Worldpay US, Inc. - Validity of Reserve Fund Defended After Data Breach

Challenge

 

Following a data breach at several merchant-restaurant locations, AGG client Worldpay US, a credit card processor that provided services to the merchant, received notice of the potential for liability assessments from two major credit card brands, potentially exceeding $1 million. Given the specter of those assessments and the merchant’s recent bankruptcy filing, the client established a contractual reserve fund to capture a portion of the merchant’s revenues in order to protect itself against the looming liability. The merchant, however, sought an emergency restraining order prohibiting the reserve under the theories that: (i) creation of the reserve violated the automatic bankruptcy stay; and (ii) the liability assessments, including those under Visa’s ADCR program, represented an unlawful “penalty” that the processor was legally prohibited from passing along to its merchant-customer.

 

Approach

 

AGG defeated the merchant’s attempt to secure a restraining order and mounted a vigorous defense to the merchant’s underlying legal theories.
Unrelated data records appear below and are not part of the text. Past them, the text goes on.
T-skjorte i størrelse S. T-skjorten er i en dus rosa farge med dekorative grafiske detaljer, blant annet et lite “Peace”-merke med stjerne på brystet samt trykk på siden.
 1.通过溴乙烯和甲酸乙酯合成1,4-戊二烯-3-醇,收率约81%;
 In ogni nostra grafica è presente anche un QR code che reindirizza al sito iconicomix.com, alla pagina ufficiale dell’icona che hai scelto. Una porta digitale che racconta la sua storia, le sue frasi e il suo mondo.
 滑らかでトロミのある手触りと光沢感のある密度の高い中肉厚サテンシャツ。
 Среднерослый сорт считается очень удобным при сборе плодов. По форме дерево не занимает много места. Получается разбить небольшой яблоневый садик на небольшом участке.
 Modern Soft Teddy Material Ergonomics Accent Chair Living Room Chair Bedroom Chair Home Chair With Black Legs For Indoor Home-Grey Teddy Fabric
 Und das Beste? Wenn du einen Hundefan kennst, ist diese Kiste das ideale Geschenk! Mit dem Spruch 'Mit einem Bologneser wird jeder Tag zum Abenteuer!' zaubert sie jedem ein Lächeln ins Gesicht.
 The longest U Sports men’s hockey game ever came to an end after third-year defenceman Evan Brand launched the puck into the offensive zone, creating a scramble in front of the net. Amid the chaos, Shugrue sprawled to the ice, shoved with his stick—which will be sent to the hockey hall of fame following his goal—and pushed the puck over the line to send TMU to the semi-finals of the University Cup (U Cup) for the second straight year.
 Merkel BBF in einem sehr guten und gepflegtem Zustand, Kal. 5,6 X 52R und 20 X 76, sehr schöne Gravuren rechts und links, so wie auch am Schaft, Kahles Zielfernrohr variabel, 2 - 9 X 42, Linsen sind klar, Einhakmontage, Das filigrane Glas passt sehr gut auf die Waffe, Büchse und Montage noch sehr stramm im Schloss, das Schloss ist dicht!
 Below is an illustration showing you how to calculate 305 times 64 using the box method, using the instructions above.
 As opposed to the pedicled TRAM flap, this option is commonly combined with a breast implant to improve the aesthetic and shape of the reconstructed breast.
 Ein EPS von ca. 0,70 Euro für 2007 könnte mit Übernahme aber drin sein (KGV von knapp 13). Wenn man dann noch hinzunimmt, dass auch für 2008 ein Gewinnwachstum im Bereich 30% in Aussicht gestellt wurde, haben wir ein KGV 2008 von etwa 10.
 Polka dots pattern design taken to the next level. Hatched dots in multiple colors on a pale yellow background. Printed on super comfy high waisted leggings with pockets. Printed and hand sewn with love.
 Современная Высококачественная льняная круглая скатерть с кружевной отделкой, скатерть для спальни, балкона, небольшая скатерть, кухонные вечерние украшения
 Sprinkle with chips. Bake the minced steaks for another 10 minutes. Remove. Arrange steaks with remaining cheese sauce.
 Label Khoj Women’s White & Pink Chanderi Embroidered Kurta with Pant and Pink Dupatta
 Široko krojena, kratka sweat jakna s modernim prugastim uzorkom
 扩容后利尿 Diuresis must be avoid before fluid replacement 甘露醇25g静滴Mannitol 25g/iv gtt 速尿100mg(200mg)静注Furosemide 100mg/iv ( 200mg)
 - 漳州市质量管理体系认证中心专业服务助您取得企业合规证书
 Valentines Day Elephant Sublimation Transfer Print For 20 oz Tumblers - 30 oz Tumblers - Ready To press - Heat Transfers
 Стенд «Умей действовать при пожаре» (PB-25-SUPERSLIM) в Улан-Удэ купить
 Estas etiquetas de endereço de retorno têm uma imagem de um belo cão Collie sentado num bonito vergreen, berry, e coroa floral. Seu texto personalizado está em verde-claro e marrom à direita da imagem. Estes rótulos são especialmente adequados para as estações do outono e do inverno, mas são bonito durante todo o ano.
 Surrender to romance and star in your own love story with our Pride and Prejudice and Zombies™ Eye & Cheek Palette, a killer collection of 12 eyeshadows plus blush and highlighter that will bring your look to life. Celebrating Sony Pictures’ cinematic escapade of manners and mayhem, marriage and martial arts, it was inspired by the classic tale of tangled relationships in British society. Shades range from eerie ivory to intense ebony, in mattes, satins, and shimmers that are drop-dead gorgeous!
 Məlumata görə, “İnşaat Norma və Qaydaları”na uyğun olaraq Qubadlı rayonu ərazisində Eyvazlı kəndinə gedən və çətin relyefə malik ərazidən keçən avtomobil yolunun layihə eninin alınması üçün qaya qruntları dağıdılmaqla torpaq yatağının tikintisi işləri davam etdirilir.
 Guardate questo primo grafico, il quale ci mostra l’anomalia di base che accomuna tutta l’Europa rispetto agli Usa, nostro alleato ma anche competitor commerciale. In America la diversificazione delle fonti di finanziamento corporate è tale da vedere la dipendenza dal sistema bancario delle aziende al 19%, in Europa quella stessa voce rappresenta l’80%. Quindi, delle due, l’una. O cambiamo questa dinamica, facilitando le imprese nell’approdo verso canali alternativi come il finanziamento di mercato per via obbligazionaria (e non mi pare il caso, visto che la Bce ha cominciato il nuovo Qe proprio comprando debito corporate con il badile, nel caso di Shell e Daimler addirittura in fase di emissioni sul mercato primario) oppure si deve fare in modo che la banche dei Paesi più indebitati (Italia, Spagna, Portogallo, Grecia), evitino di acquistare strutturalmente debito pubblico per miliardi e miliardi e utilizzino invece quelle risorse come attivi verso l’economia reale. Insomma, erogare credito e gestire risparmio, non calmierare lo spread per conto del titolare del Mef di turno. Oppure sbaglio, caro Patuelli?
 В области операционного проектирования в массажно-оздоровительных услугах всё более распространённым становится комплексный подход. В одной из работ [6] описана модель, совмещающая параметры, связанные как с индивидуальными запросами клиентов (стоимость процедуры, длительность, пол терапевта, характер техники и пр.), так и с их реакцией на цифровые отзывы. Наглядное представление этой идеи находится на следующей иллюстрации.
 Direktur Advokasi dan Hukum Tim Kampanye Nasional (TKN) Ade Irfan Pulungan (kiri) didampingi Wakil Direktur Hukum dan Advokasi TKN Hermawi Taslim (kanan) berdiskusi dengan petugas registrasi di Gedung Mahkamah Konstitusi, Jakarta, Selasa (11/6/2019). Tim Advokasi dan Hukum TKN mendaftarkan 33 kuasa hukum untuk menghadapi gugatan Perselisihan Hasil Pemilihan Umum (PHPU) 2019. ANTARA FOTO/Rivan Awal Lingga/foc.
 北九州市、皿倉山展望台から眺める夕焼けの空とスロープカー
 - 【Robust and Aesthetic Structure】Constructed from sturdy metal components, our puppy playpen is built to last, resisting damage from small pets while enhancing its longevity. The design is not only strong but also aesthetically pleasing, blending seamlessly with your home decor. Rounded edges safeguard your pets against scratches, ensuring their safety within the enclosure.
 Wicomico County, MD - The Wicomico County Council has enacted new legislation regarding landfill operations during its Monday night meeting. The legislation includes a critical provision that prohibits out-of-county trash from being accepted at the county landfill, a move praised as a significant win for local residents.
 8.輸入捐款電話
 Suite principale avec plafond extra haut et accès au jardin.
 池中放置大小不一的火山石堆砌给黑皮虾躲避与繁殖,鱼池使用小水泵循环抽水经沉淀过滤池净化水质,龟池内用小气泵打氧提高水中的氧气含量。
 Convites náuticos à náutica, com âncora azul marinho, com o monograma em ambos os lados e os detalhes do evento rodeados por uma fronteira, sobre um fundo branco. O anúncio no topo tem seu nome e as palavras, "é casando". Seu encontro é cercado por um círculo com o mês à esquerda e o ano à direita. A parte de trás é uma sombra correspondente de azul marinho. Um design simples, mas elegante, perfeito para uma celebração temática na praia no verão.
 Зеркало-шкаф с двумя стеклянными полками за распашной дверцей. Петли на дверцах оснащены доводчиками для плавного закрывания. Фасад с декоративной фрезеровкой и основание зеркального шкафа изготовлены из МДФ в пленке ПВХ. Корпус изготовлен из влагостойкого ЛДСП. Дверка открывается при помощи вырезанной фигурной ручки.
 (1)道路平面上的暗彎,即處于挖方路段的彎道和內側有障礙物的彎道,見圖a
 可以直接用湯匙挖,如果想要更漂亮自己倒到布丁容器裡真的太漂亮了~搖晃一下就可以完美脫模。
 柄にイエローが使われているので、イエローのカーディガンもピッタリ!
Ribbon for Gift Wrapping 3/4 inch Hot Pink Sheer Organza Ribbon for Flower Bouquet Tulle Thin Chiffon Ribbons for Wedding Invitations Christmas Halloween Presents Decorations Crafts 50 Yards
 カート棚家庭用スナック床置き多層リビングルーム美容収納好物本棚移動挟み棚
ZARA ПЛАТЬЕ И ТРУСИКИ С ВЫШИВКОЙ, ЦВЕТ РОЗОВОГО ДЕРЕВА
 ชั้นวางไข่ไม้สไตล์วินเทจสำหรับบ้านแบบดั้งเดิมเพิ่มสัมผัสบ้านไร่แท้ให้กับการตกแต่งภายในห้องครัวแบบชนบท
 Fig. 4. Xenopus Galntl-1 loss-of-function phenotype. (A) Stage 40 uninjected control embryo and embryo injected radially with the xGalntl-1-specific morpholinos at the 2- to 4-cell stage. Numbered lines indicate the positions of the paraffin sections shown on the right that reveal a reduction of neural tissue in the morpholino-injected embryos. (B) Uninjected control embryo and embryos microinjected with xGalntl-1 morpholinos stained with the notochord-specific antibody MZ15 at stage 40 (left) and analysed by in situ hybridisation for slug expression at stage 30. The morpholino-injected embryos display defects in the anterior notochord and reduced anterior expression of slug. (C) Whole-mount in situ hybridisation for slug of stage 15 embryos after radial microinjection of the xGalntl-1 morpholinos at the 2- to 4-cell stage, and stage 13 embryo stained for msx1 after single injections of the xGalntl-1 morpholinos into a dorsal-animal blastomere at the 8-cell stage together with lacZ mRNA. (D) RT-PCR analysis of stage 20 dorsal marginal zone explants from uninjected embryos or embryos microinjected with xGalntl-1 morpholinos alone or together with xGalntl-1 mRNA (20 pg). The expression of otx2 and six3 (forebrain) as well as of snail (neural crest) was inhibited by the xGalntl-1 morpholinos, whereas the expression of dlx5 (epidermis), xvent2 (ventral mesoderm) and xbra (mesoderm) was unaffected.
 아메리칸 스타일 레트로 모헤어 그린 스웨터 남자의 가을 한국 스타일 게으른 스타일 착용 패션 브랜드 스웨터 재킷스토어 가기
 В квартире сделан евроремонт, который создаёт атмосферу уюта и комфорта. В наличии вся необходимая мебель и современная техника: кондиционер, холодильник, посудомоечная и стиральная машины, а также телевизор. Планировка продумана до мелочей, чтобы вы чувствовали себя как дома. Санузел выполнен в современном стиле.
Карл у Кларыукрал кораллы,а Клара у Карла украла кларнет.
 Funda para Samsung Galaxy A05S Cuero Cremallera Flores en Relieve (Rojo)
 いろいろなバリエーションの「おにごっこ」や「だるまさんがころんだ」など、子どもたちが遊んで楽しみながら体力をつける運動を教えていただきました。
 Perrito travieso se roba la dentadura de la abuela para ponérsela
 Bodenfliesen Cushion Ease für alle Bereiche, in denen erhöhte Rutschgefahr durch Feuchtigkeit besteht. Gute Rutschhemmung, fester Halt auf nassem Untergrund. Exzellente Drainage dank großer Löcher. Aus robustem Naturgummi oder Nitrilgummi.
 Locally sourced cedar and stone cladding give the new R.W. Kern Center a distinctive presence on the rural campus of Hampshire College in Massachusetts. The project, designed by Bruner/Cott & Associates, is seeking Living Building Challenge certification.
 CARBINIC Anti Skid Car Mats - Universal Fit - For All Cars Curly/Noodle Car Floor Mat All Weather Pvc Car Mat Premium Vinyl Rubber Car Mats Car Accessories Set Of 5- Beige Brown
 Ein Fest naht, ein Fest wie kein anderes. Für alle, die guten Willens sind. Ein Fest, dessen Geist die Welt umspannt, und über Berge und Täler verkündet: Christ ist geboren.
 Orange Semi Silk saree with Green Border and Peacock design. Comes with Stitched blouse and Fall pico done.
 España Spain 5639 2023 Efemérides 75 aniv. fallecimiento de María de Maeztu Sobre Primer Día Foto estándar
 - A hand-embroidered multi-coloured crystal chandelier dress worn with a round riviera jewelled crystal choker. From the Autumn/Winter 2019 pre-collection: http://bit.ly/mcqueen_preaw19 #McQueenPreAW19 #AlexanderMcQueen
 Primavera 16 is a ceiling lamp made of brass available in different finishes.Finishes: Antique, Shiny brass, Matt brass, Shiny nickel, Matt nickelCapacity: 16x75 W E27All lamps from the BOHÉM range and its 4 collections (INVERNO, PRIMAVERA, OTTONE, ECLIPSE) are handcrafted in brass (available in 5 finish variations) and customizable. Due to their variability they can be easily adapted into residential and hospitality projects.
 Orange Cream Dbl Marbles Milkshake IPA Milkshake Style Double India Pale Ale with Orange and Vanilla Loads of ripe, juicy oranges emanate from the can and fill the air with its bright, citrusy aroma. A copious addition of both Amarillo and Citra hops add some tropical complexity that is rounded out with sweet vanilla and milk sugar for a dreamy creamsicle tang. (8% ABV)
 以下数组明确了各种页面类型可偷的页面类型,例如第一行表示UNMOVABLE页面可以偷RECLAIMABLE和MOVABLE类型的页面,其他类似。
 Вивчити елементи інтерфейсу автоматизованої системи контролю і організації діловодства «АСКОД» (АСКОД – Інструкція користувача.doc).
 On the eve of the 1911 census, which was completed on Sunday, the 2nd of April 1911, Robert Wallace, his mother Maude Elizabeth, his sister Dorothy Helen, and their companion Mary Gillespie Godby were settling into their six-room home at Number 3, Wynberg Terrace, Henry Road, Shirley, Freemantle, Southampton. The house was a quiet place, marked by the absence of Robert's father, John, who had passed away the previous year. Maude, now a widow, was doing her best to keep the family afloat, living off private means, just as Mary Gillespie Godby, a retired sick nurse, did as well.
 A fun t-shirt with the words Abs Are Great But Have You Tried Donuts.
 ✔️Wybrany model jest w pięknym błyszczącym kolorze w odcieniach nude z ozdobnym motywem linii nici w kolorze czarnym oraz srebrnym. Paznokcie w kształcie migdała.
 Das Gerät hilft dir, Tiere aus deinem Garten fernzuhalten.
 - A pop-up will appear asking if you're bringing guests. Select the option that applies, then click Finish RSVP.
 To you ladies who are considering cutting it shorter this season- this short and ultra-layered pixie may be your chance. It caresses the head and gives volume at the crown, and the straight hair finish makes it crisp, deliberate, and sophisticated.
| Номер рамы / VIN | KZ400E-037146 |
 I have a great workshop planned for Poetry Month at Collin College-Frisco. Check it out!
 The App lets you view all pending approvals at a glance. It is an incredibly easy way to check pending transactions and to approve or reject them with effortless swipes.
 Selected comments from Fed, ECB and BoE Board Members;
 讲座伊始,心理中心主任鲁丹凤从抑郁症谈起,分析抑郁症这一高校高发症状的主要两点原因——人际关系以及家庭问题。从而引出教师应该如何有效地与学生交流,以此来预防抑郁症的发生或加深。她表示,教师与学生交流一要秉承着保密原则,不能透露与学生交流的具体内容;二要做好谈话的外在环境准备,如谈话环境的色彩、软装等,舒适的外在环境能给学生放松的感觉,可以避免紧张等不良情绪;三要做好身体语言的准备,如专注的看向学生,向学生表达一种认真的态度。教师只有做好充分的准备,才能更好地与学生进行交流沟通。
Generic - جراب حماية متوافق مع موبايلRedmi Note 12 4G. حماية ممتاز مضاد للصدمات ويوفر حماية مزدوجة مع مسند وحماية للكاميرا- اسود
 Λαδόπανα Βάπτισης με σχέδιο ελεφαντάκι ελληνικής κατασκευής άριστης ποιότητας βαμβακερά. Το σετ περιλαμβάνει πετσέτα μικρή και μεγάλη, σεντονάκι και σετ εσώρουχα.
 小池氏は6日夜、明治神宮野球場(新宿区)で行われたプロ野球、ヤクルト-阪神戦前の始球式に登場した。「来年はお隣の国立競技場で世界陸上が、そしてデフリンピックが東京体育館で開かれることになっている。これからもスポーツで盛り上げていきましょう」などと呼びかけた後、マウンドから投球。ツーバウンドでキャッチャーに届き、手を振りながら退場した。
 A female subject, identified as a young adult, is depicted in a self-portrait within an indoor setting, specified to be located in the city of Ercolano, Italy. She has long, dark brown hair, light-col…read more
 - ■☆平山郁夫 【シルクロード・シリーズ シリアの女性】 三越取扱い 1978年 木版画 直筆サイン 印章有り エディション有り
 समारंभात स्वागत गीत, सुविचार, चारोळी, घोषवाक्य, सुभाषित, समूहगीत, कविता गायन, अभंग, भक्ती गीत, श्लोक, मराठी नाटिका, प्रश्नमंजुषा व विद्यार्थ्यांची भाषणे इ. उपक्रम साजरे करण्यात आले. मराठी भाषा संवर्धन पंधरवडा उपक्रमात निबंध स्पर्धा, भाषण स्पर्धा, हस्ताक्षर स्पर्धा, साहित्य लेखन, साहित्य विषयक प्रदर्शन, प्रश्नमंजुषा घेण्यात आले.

Working cooperatively with Visa, moreover, it amassed evidence establishing the reasonableness of the ADCR assessment methodology, undercutting the merchant’s assertion that the assessment represented an unlawful “penalty.”

 

Result

 

Following discovery and a summary judgment hearing, the Court rejected all of the merchant’s arguments, permitting WorldPay US to establish the sought-after reserve and, thereafter, allowing it to obtain indemnification from the reserve for the ultimate ADCR liability assessment. In a precedent-setting win, moreover, it rejected the assertion that the ADCR assessment represented an unlawful “penalty” as a matter of law. See In re Golden Restaurants, Inc., Adv. No. 11-04024-rfn (Bankr. N.D. Tex. June 13, 2012).